■ DATA SECTION
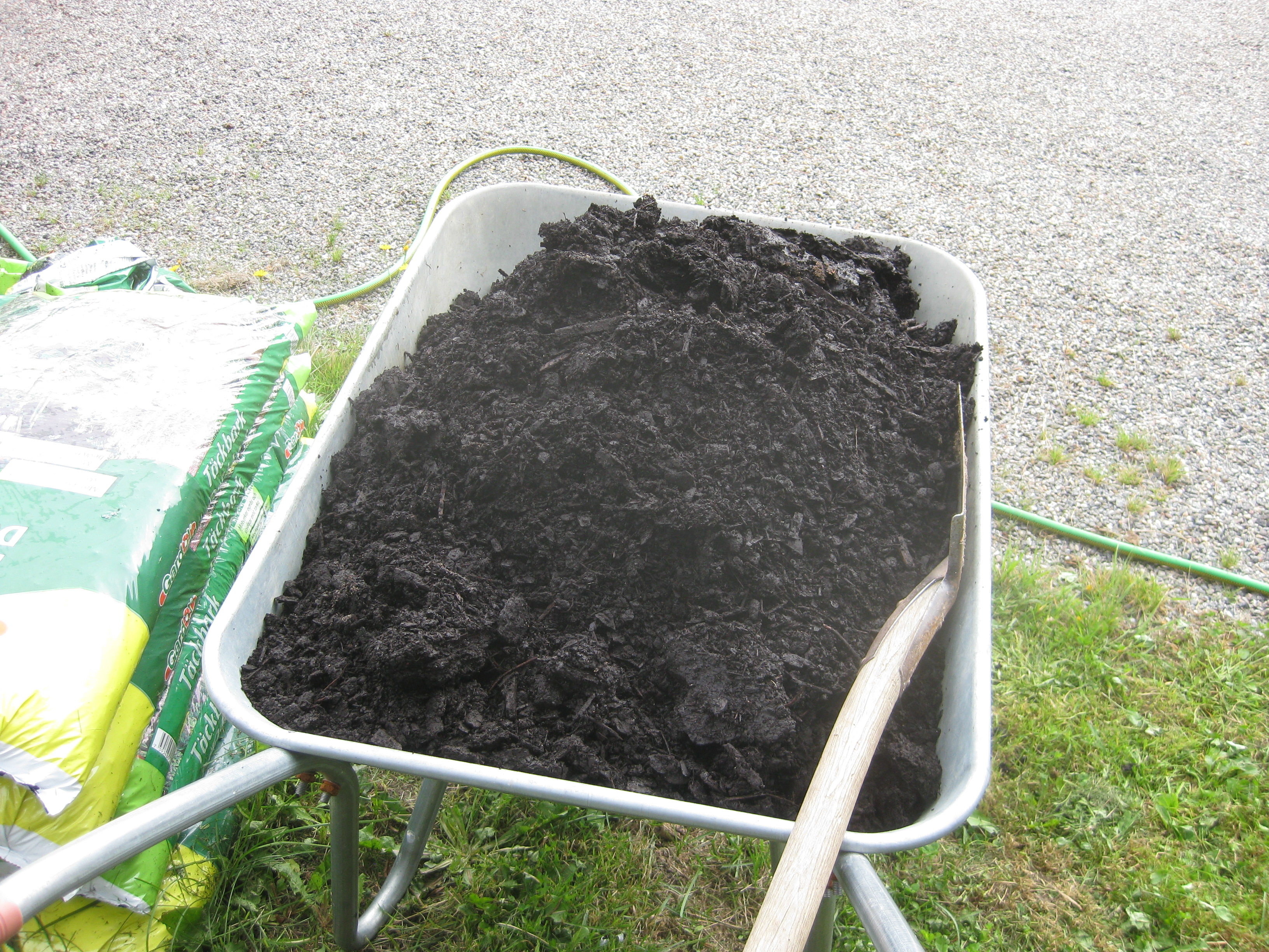 Vi griper oss an komposthögen som långsamt kommer att förflyttas till baksidan av norra garaget för att fylla upp lite. Vi gräver vidare i potatislandet oxå.
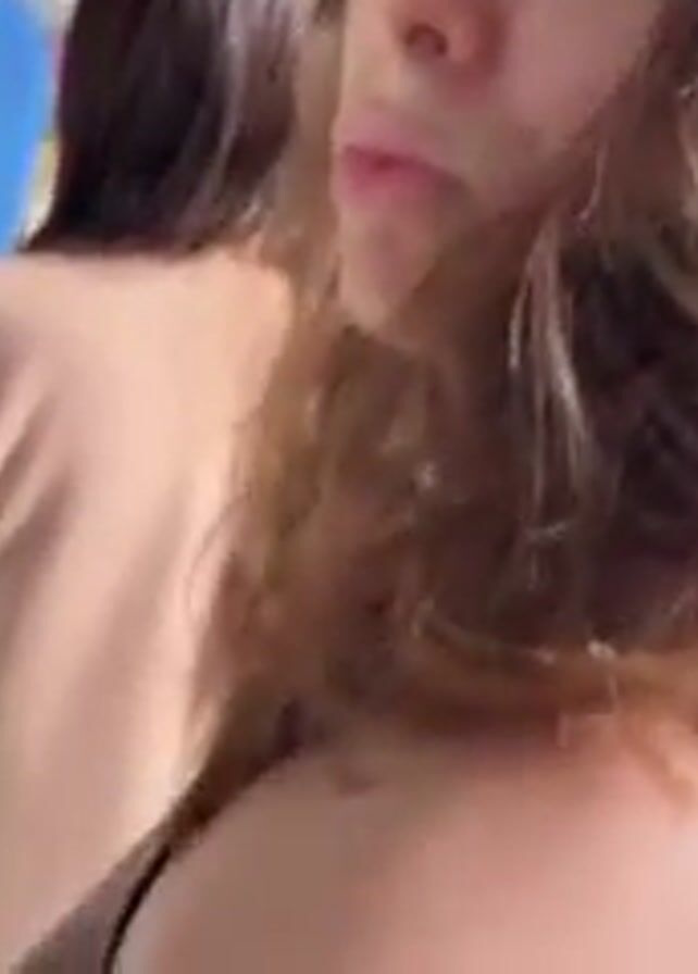 woman walking into a cafe. There are other customers in the cafe. The video is shaky and the camera angle is unusual. The woman is wearing a brown shirt and dark pants. The cafe has white floors. There is a counter with a barista behind it.
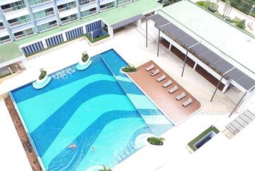 New high-rise condominium, executed in a modern style near Jomtien Beach with a great view of the sea. The complex has 5 buildings of 30 floors. On the vast territory of the complex there is an excellent infrastructure: two large swimming pools, a playground for street basketball, a children's slide, a library with a large reading room and free wi-fi internet, several laundries, a fitness room, a sauna, a coffee shop, a lounge on the roof, and elevators. Nearby are many shops and restaurants.
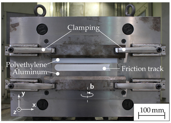 Customized clamping system for joining aluminum and thermoplastic material (in this case polyethylene) by friction press joining [11].
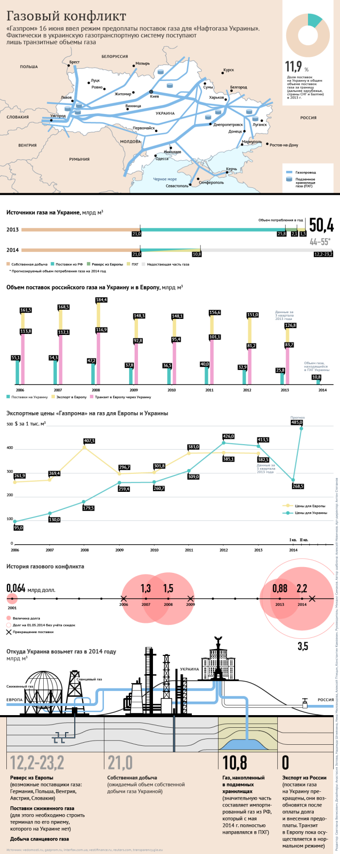 После долгих и безрезультатных переговоров российский 'Газпром' 16 июня перевел украинский 'Нафтогаз' на предоплату, и теперь в украинскую газотранспортную систему поступают только транзитные объемы, предназначенные для Европы. Остаются открытыми вопросы, когда Киев заплатит долг за газ и когда поставки могут возобновиться.
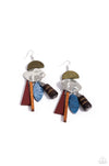Featuring a variety of textures, patterns, and sheens, green half-moon and hammered abstract frames stack into an exotic-inspired lure. Textured, striped, shell, acrylic, and wooden accents in a motley of colors dangle from the stacked lure for a trendy fringe. Earring attaches to a standard fishhook fitting.
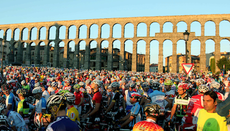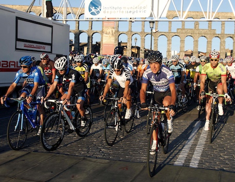 Los casi 2.000 ciclistas de 14 nacionalidades distintas, participantes en la XX Marcha Pedro Delgado partieron del Azoguejo, a los pies del Acueducto segoviano, a las ocho en punto de la mañana. Entre los corredores, se encontraban el segoviano Pedro Delgado, que da nombre a la prueba, y el homenajeado, Óscar Freire, entre otros rostros conocidos del deporte de las dos ruedas.

■ WHAT THIS TASK INVOLVES
In the listing above, retype exactly, and only, the lines from the one containing "Featuring a variety" through the last line, both included. Omit the pictures.

■ PROBLEM SOLUTION
Featuring a variety of textures, patterns, and sheens, green half-moon and hammered abstract frames stack into an exotic-inspired lure. Textured, striped, shell, acrylic, and wooden accents in a motley of colors dangle from the stacked lure for a trendy fringe. Earring attaches to a standard fishhook fitting.
 Los casi 2.000 ciclistas de 14 nacionalidades distintas, participantes en la XX Marcha Pedro Delgado partieron del Azoguejo, a los pies del Acueducto segoviano, a las ocho en punto de la mañana. Entre los corredores, se encontraban el segoviano Pedro Delgado, que da nombre a la prueba, y el homenajeado, Óscar Freire, entre otros rostros conocidos del deporte de las dos ruedas.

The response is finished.